Gene | Primer type |
Primer sequence |
---|---|---|
rpoZ | Forward | TGACAAGAACCCTGTCGTG |
Reverse | GCAGCTTCTCTTCGGACAT | |
mreB | Forward | CTTCTTGCCGTCCTTCACA |
Reverse | CGCGAACACGCTGATCTA | |
mreC | Forward | CTTCCTTCCAGGCCTTCATC |
Reverse | TCGAGAACTTCCAGTCCTACA | |
mreD | Forward | CACATGCGTCTCCCGAAG |
Reverse | CCATCCTCTGCTATCCTCTGAT | |
pbp2 | Forward | GATGACGACGCGGTAATTCT |
Reverse | ATCAACATCCGGCTGATCC | |
rodA | Forward | GTTCACCGCGAGATAGAAGAAG |
Reverse | CTCGCTTCTGGTGCTCTATG | |
pbp1A | Forward | CGTCATGAAGCTCTGGAACA |
Reverse | CGTCTGGTTCATCGGCTATAC | |
murA | Forward | CTTCCGCACGATGTCGTAAT |
Reverse | CACGATGACGCAGCTTCT | |
murB | Forward | GCATTCCAACTTCCTCATCAAC |
Reverse | CCGCATGATTTCCCACTCTA | |
murC | Forward | GCAAGACCACGACCACTAC |
Reverse | GAGCCATAGGCATGGATCAC | |
murD | Forward | CAATGACATCGGCCTCTTCT |
Reverse | CGACAGGATGTGATGGATGAG | |
murE | Forward | CGCATCGTCGTCGTCTTC |
Reverse | GATTGTCGTCGGTGACATAGAG | |
murF | Forward | AAGACCTCGACCAAGGAGA |
Reverse | CCCAGTGGTTGTTGTAGGAG | |
ddlA | Forward | CTCTTCGGTAGGCGTCTATATC |
Reverse | GACATAGGTCTCGACCATCAG | |
mraY | Forward | GCTCGACAATCCTTACGTCTG |
Reverse | CCCTTGGTGTTCTGCTTCTT | |
murG | Forward | ACCTTCTTCACCGACATTCC |
Reverse | CGGCCGATGATCGAGATG | |
murJ | Forward | CTCATGACCTTCCAGCTTCTT |
Reverse | ATGTTCCGCCGCTTCTT |
HADA labeling and quantification.
Cells were grown to early log phase (absorbance of 0.3, λ = 600 nm) and labeled with 0.5 mM HADA for ∼1/8 of the doubling time (20 min) at room temperature, followed by three washes with PBS to remove excess dye. We imaged the labeled cells by microscopy using a DAPI (4′,6-diamidino-2-phenylindole) filter. The fluorescence of HADA incorporated into PG was measured with an excitation wavelength of 405 nm and an emission wavelength of 450 nm using a Tecan infinite M200 Pro microplate reader (Tecan, San Jose, CA).

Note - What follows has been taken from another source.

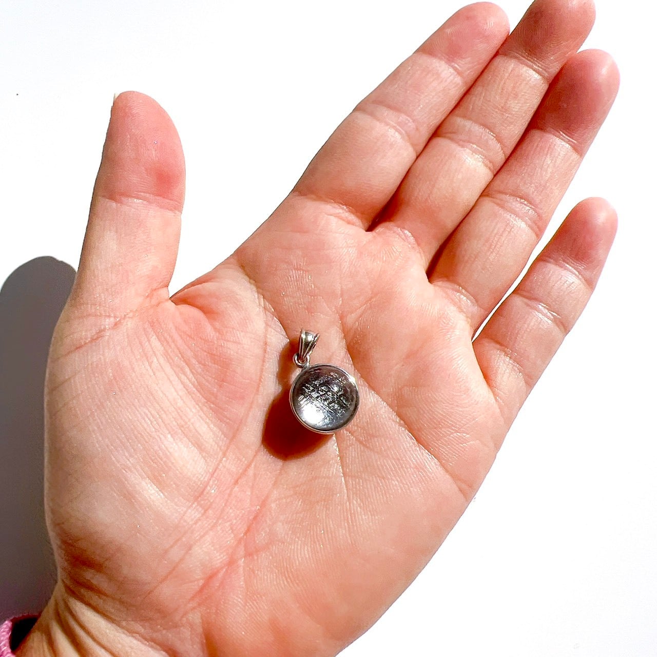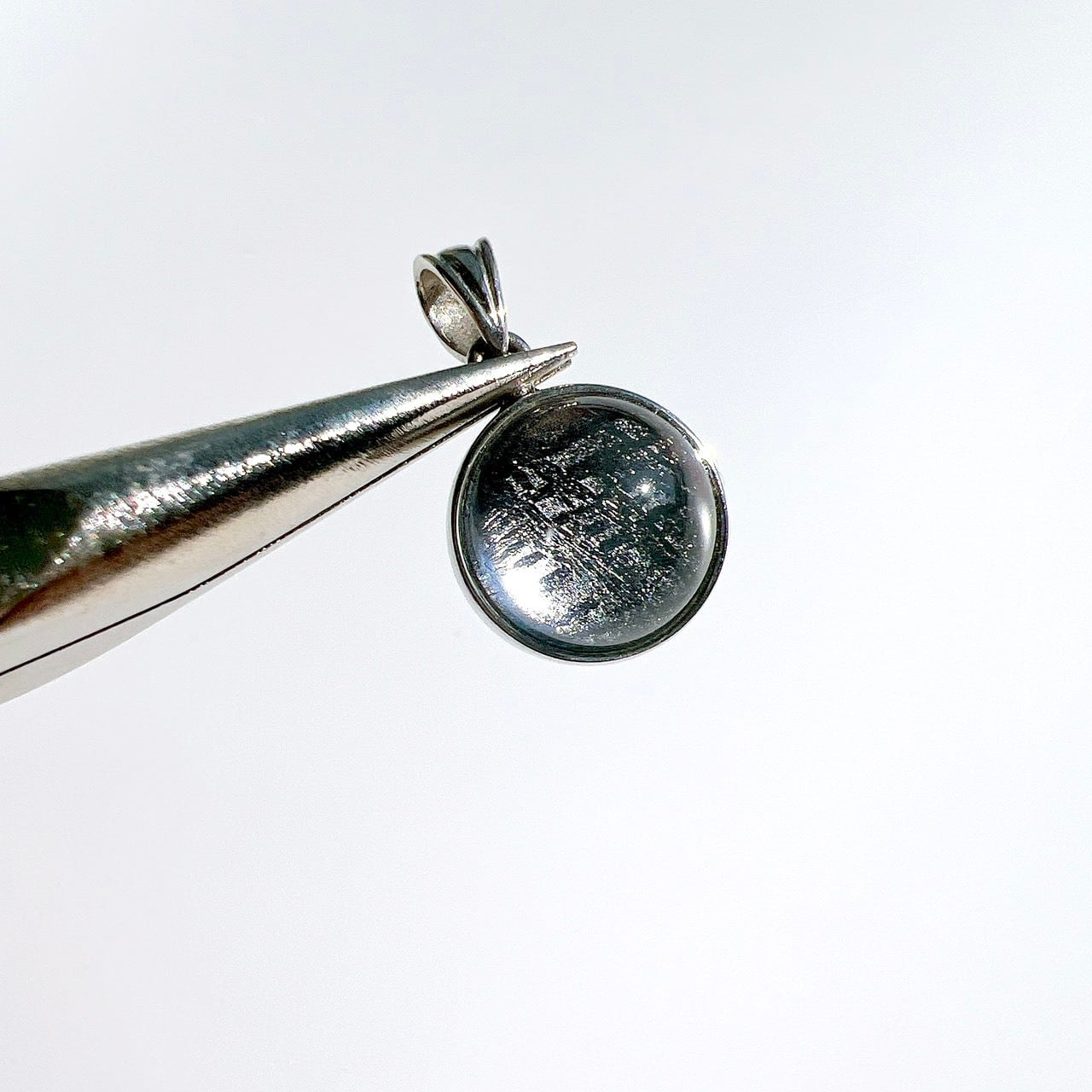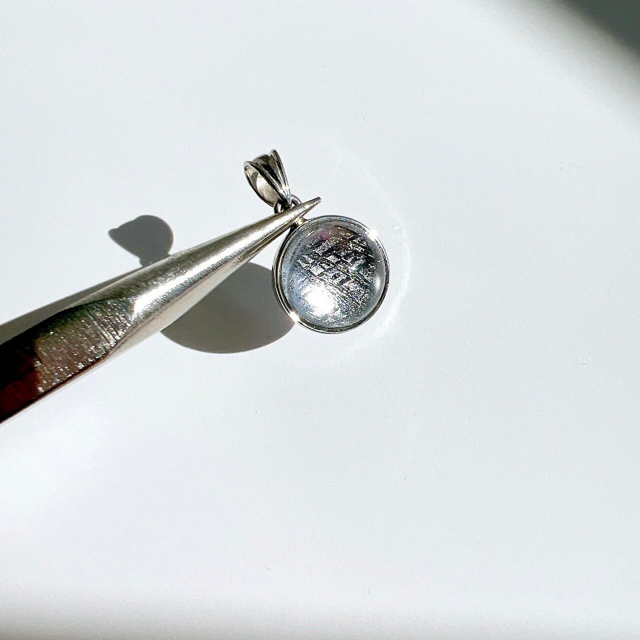 こちらのペンダントトップは、メテオライトの両面に、水晶がはめ込んであります。
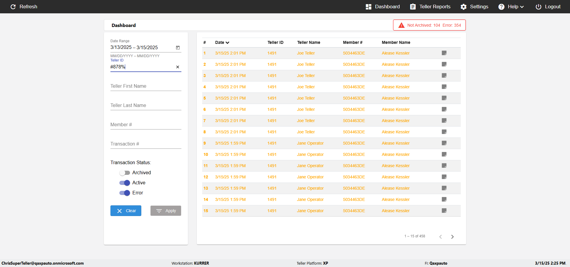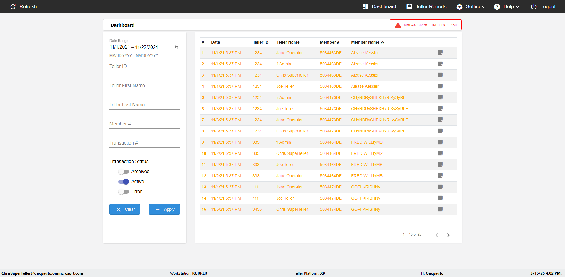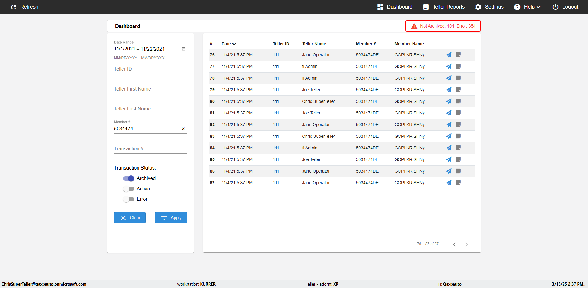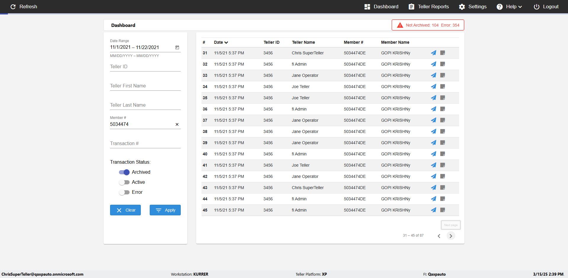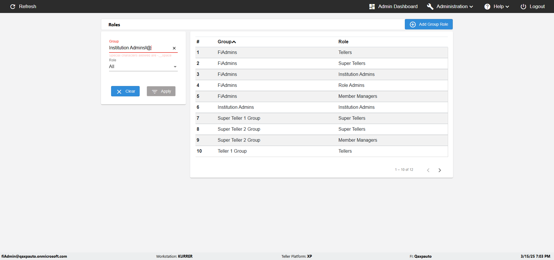 | {UserPwd=iMM2022!, Description=verify Error Messages in Report Page for Teller ID, Teller ID=%&^heg, errorMessage=Special characters not allowed., Teller Email=, View=, Date=, Clear=, Workstation=, errorint=1, TestID=verifyErrorMessagesInReports, Transaction=, Header=, Username=ChrisSuperTeller@Qaxpauto.onmicrosoft.com, Export=, Member #=, Search Text=, Level=} |

PG isolation and UPLC-MS analysis.
Cells were grown in plain medium or medium containing the indicated small-molecule inhibitors (A22 [10 μg/ml], MEC [0.5 μg/ml], FOS [250 μg/ml], and DCS [0.05 μg/ml]) to early log phase (absorbance of 0.3, λ = 600 nm) and pelleted by centrifugation at 4,000 × g for 10 min at room temperature. Cells were then resuspended in 1 ml 0.25% SDS–0.1 M Tris/HCl (pH 6.8) and boiled for 40 min. The cell suspension was centrifuged at 10,000 × g for 5 min at room temperature, and the pellet was washed with double-distilled water (ddH2O) to remove SDS. The pellet was then resuspended in 1 ml ddH2O and put in a water bath sonicator for 30 min at room temperature. Nuclease solution (15 μg/ml DNase, 60 μg/ml RNase, 0.1 M Tris/HCl, pH 6.8) (500 μl) was added into the sample, which was then incubated for 60 min at 37°C in a shaker. The sample was augmented with 500 μl trypsin solution (50 μg/ml trypsin–ddH2O), incubated for another 60 min at 37°C in a shaker, and then boiled for 15 min to inactivate the enzymes. The suspension was centrifuged at 10,000 × g for 5 min at room temperature, and the pellet was washed with ddH2O. The pellet was resuspended in digestion buffer (12.5 mM sodium dihydrogen phosphate, pH 5.5) to reach an level of absorbance of 3.0 (λ = 600 nm), and a 1/10 volume of mutanolysin solution (5.000 U/ml mutanolysin–ddH2O) was added. The sample (∼175 μl) was incubated for 16 h at 37°C in a shaker and then boiled for 15 min to inactivate the enzyme. The suspension was centrifuged at 10,000 × g for 5 min at room temperature, and the PG was in the supernatant. A 50-μl volume of reduction solution (20 mg/ml sodium borohydrate–0.5 M borax–ddH2O, pH 9.0) was added into the PG solution, which was then incubated for 30 min at room temperature. The sample was adjusted to pH 2.0 to 3.0 with phosphoric acid solution (50%) and analyzed by UPLC-MS.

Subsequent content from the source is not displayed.